Galaxies have now been observed back to within one billion years after the Big Bang, when the Universe was less than 7% of its current age. But how and when did the very first galaxies form? Because of the vast distances, most galaxies from this early time are too faint to be observed directly. To learn about the first galaxies, therefore, we must study them through their impact on the cosmic web. We know, for example, that the gas in deep space is highly ionized -- electrons have been stripped from their atoms. We believe that the energy to ionize the gas came from the ultraviolet light emitted by the first stars and galaxies. If we can determine when the gas became ionized, therefore, we will learn when the first galaxies formed.

The goal of this proposal is to study the cosmic web far back in time in order to learn about the first galaxies and stars. To do this, I will analyze the way in which the web absorbs light from very luminous objects known as quasars. The gas between a quasar and the Earth absorbs portions of the quasar light in patterns that reveal where the gas is located, its chemical composition, temperature, and ionization state. These quantities, in turn, reflect how the gas has been affected by the galaxies embedded within it.

I will first determine when the gas in deep space was ionized by measuring how smoothly it is distributed. As the gas was ionized it would also have been heated to more than 10,000 degrees. The resulting pressure would have caused the gas to expand, smoothing out the smallest bumps in the web. Earlier heating would have produced more smoothing, and so by measuring the smoothness I will be able to determine when the ionization and heating occurred.

I will then search for signs of elements made by stars, such as carbon and oxygen. The quantity of these elements in the early Universe will reflect how vigorously stars formed in the first galaxies, and the relative mix of different elements will reveal the nature of the stars themselves.

Next, I will determine how efficiently early galaxies produced ionizing photons. By measuring how completely galaxies ionized the gas in the web from one to three billion years after the Big Bang I will will determine how many ultraviolet photons were emitted by all galaxies during this period. A key question will be whether galaxies produced UV photons more efficiently at earlier times, as required if galaxies did indeed drive reionization.

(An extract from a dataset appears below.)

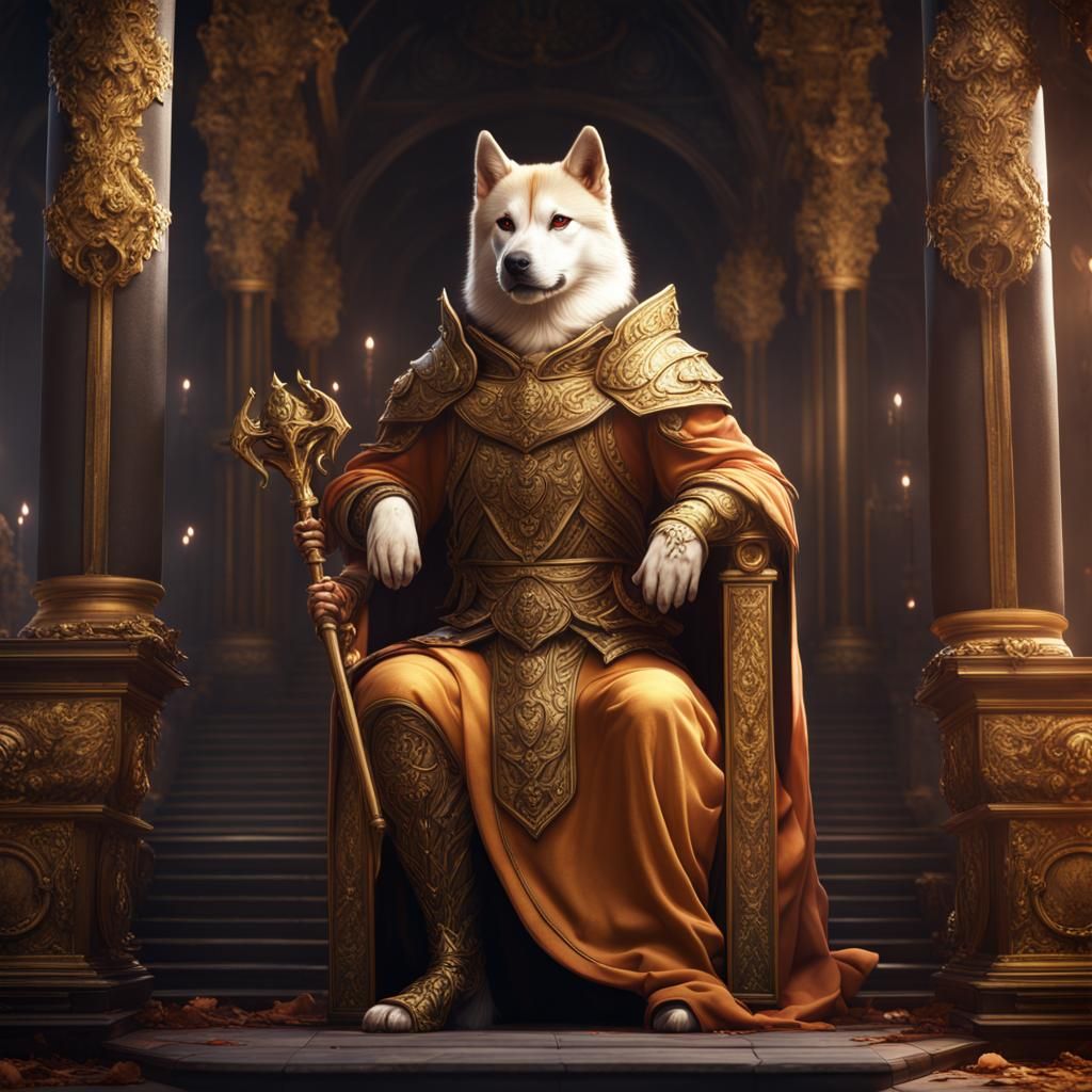 A detailed matte painting of the god of doge. Fantastical elements and intricate details are rendered in deep, complementary colors, creating a striking fantasy concept art in 8k resolution.

Finally, I will investigate the nature of dark matter by analyzing the small-scale structure of the web. This project will determine how "warm" dark matter is, and whether rapidly moving dark matter particles may have inhibited the formation of low-mass galaxies.

The emergence of the first galaxies from the cosmic web was a key event in the process that gave rise to galaxies such as our own. Studying the early Universe, therefore, allows us investigate our origins on a grand scale. This field combines cutting-edge technology -- large telescopes and advanced computing -- with basic physics to assemble a picture of the cosmos at the most distant frontier. Ultimately, this research will help us to understand how the early Universe took shape, as well as to explore more of what is "out there."